Take the entries that follow and return exactly the lines from the one holding "i : c P t W" through the one holding "La Mesa de Centro", both included. Nothing else is needed.

Extracted material |

################

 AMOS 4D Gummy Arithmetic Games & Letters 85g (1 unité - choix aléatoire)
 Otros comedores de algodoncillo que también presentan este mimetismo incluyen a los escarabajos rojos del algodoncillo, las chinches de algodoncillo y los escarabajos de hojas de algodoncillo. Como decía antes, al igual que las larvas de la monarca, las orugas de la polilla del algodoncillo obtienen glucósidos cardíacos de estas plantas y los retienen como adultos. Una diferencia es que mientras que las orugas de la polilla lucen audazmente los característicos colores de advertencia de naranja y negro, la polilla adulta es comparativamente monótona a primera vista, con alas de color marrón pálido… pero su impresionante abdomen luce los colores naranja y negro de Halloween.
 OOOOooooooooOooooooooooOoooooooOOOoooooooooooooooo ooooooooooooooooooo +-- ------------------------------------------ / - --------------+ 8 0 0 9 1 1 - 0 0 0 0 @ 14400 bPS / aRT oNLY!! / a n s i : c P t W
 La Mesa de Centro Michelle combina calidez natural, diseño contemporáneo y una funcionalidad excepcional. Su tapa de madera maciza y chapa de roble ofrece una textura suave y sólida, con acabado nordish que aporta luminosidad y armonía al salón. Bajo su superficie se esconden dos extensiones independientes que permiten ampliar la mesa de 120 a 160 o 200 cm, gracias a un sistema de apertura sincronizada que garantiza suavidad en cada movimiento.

################

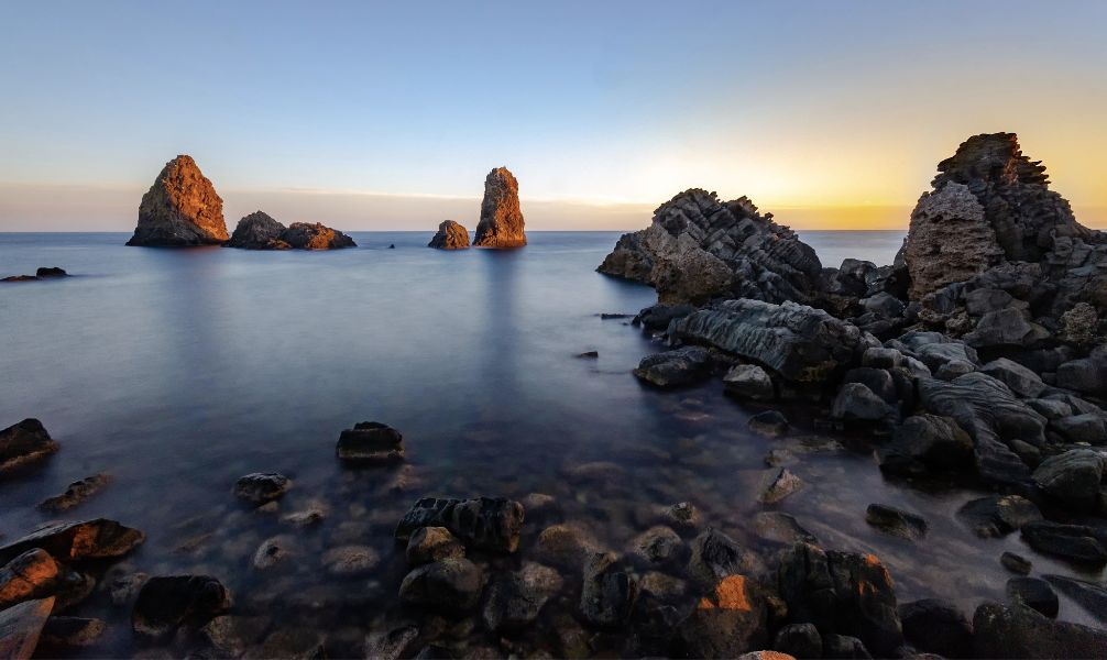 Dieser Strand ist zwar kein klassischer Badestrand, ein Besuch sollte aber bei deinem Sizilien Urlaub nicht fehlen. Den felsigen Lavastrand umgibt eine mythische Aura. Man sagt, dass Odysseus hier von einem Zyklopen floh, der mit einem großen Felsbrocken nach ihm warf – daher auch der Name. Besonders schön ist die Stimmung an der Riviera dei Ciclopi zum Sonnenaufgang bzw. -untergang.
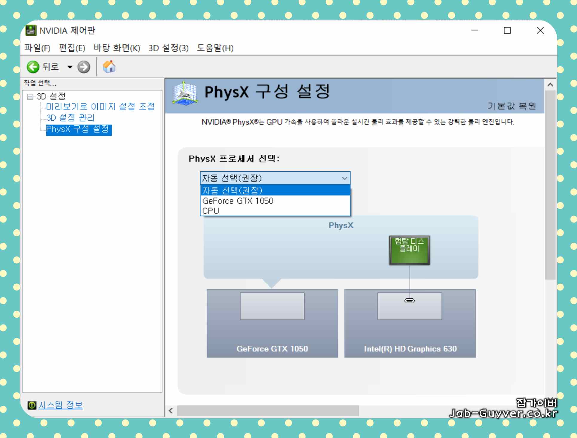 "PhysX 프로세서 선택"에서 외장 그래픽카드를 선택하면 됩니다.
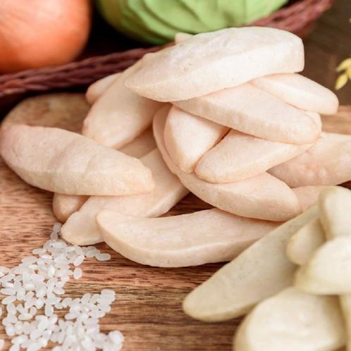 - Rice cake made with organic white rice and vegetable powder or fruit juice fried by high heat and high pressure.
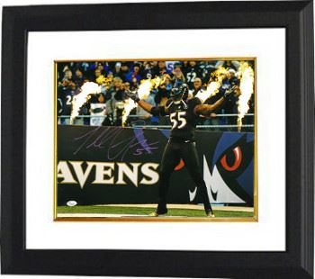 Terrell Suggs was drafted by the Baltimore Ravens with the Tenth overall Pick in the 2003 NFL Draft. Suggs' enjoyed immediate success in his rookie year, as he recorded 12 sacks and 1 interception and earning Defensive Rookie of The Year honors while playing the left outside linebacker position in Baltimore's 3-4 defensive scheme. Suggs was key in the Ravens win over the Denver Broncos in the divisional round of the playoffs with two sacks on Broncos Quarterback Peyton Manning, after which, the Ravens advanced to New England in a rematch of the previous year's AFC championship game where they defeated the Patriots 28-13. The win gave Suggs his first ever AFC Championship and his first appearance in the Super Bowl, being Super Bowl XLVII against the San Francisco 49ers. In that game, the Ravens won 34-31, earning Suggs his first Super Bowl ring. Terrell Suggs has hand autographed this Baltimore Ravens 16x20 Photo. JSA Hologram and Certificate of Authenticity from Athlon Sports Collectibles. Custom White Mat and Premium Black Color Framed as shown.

################

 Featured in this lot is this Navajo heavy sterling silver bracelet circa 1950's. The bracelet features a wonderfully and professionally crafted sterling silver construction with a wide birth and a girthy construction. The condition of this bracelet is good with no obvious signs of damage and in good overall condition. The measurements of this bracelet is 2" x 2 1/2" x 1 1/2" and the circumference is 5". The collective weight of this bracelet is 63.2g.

################

Solution to this task |
 OOOOooooooooOooooooooooOoooooooOOOoooooooooooooooo ooooooooooooooooooo +-- ------------------------------------------ / - --------------+ 8 0 0 9 1 1 - 0 0 0 0 @ 14400 bPS / aRT oNLY!! / a n s i : c P t W
 La Mesa de Centro Michelle combina calidez natural, diseño contemporáneo y una funcionalidad excepcional. Su tapa de madera maciza y chapa de roble ofrece una textura suave y sólida, con acabado nordish que aporta luminosidad y armonía al salón. Bajo su superficie se esconden dos extensiones independientes que permiten ampliar la mesa de 120 a 160 o 200 cm, gracias a un sistema de apertura sincronizada que garantiza suavidad en cada movimiento.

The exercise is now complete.